# Cheap LED Strip Light. Your thoughts?



## OutdoorHero (31 May 2011)

Hey there Folks,

It's time to set up my next little project and I want to go a bit Heath Robinson.  Having been inspired by Diana Walstad's shrimp bowls, I remembered that I have a little 15L nano in the loft that I used to use as a reef aquarium (30cm x 20cm x 25cm).  I want a low tech planted with red cherry shrimp (not ready for CO2 yet).  I found these LED strip lights on ebay and would like to use them to replace the busted lighting in the tank.

http://cgi.ebay.co.uk/12V-48-LED-FL...plies_Fish&hash=item4150d6be08#ht_2905wt_1139

There are 24 and 48 led strips that would make one and two passes across the tank respectively.  Which one to go for?  Is the 48 LED too much and a recipe for algae problems?  They're spaced 1cm apart.  I realise there's not much to go on (there's no wattage on the specs) so your input would be very much appreciated.  

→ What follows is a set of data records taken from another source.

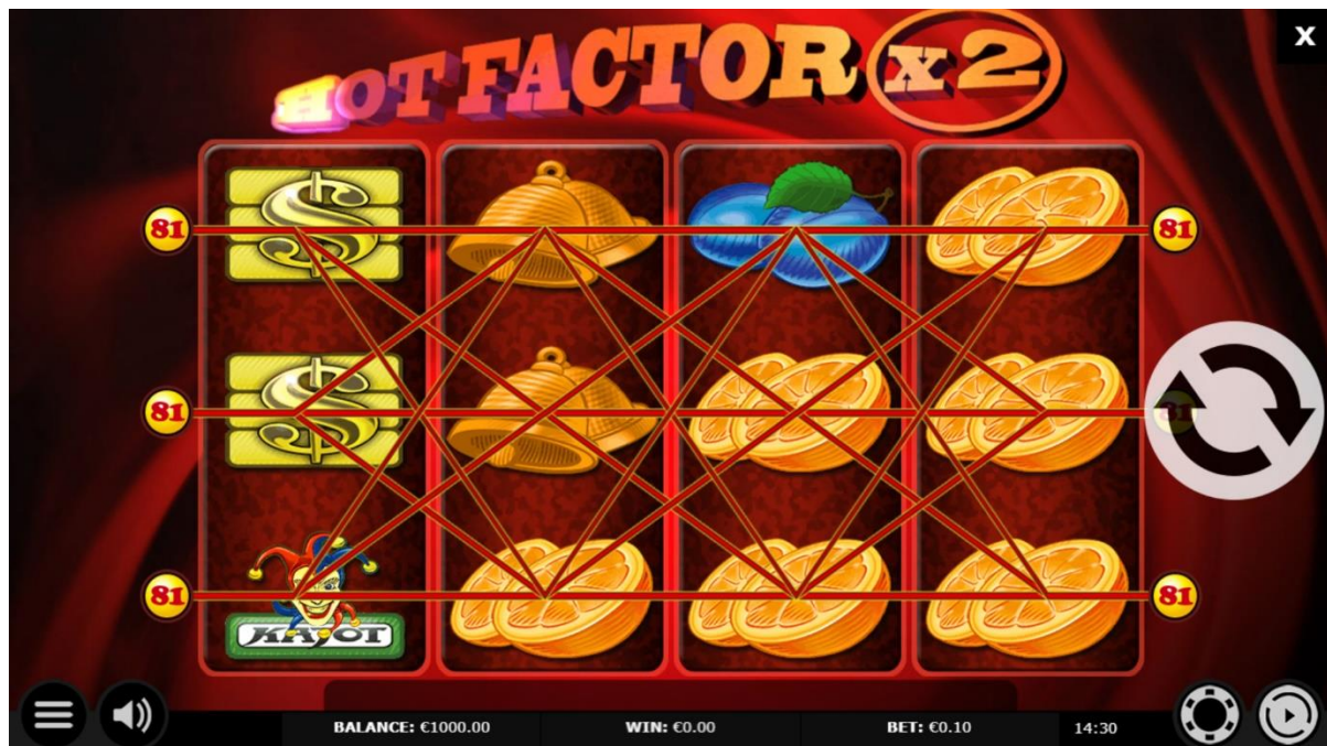
Figure 1: Screenshot of Hot Factor Go

The following image shows a screenshot of the game:
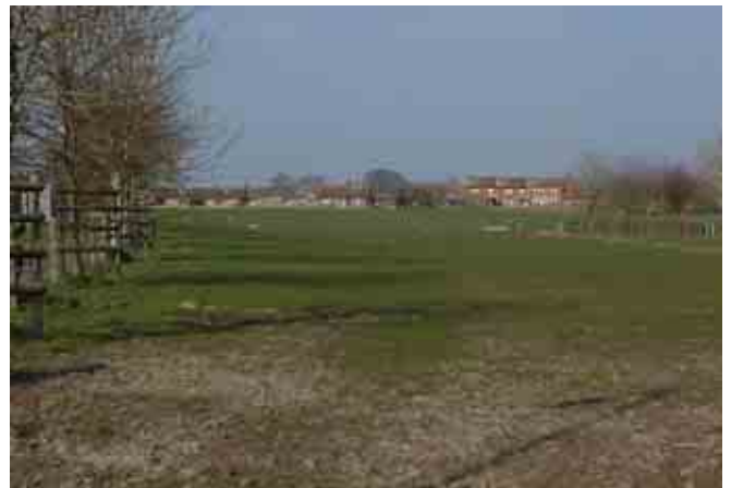
View over the ground separating the Hamlets

This supposed ethos of isolationism is not manifest in the spirit within the community. We have just one Parish Council representing the whole community. Our Church and Village Hall sit at the centre and heart of the Village and both are regular and popular meeting places for people from all three parts of the Village. Indeed the Clubs and Societies using the Hall do not discriminate. The Hall is used on most days of the year.
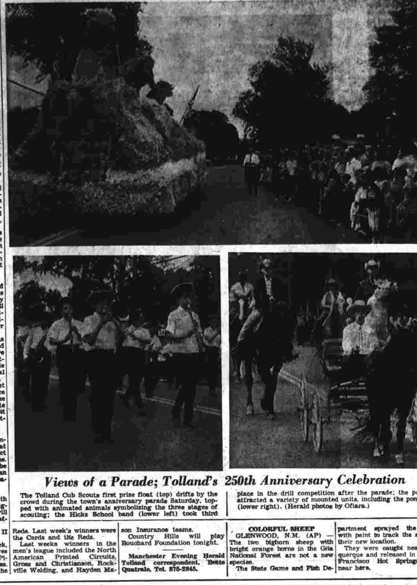
Views of a Parade; Tolland's 250th Anniversary Celebration
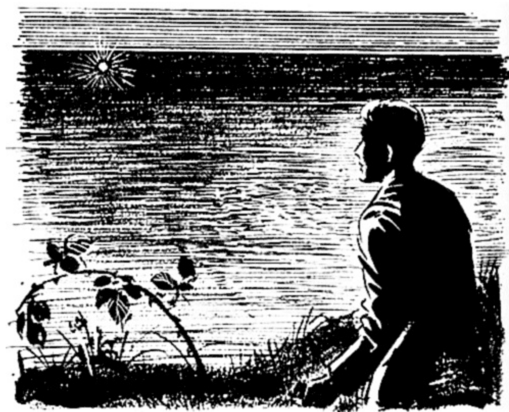
The signalling went on for a long time, as if a message was being flashed

The signalling went on for a long time, as if a message was being flashed. Julian could not for the life of him make out what it was. It simply looked like the flash-flash-flash of a lantern to him. But it must mean a signal or message of some sort to the Sticks.
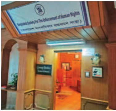
The office of Trinamool BNP on Topkhana Road.

No election activities visible in BNM, BSP, Trinamool BNP headquarters
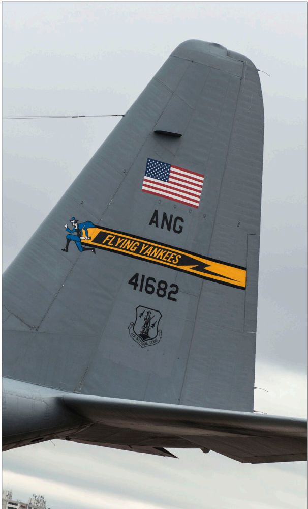
The tail of a C-130H Hercules that returned to Bradley Air National Guard Base from a deployment to Kuwait, November 5, 2019, in East Granby, Conn.
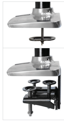
DESK CLAMP ATTACHES TO EDGE UP TO 2.5" (65 MM) THICK
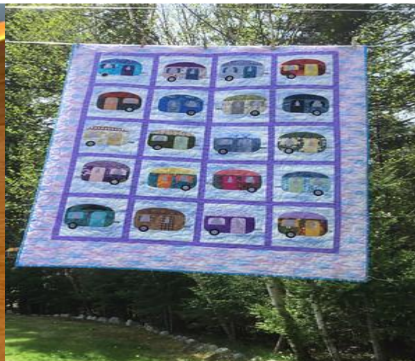
Katina's "Glamping" Quilt
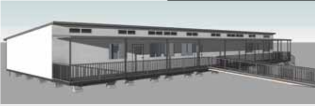
12.0m x 27.2m Classroom
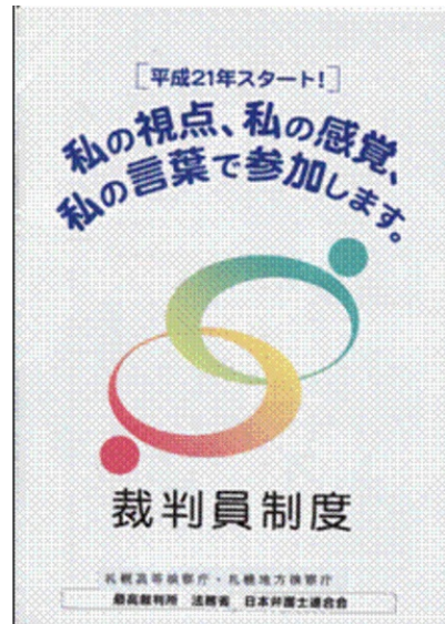
"The Lay Assessor System: Participating with My Opinions, My Sentiments, and My Words" -- cover of undated Supreme Court pamphlet for public distribution, 2006.

On May 21, 2009, lay citizens will join professional judges in deciding the fate of suspects of major crimes in Japan's new saiban-in or lay assessor system. [1] This system, laudable for pursuing public understanding and reform in a judiciary long criticized for being distant and overly bureaucratized, contains provisions that could do as much harm as good. Among causes for concern, the new law contains a harsh secrecy provision that stands out as a potential source of problems. This provision, which threatens to imprison or fine citizens who speak too freely about their service as lay assessors, will make reporting misconduct difficult and chill the public discourse that the system ostensibly aims to foster. Such secrecy may also inflict significant psychological harm upon those affected by the disturbing details of a criminal trial. These potential ramifications should be taken into consideration as Japan makes its way through this new world of lay participation.

Reading these boards has convinced me after many years that colour temperature is an irrelevancy, and I assume this applies to LED too.  More thoughts would be appreciated.

Cheers,

Joe


----------



## Johno2090 (31 May 2011)

Hmm these little strip light aren't useful for growing anything I bought off the same seller and there just not worth it. Get a Desk lamp with a LED bulb for it.


----------



## OutdoorHero (31 May 2011)

Cheers for the response, mate.  I had looked into desk lamps but only looked at ones with energy saving bulbs- apparently they're no good with timers.  Any suggestions on desk lamps regarding wattage and suppliers?

Your help is appreciated.

Joe


----------



## OutdoorHero (31 May 2011)

That's LED desk lamps by the way...


----------



## LondonDragon (10 Jun 2011)

I used these led strips in the past, used them twice, they lasted about a year before burning out and stopped working.


----------



## brunosmith (28 Jun 2011)

what about flexible LED strip  ? 
has anyone tried ?  :idea:


----------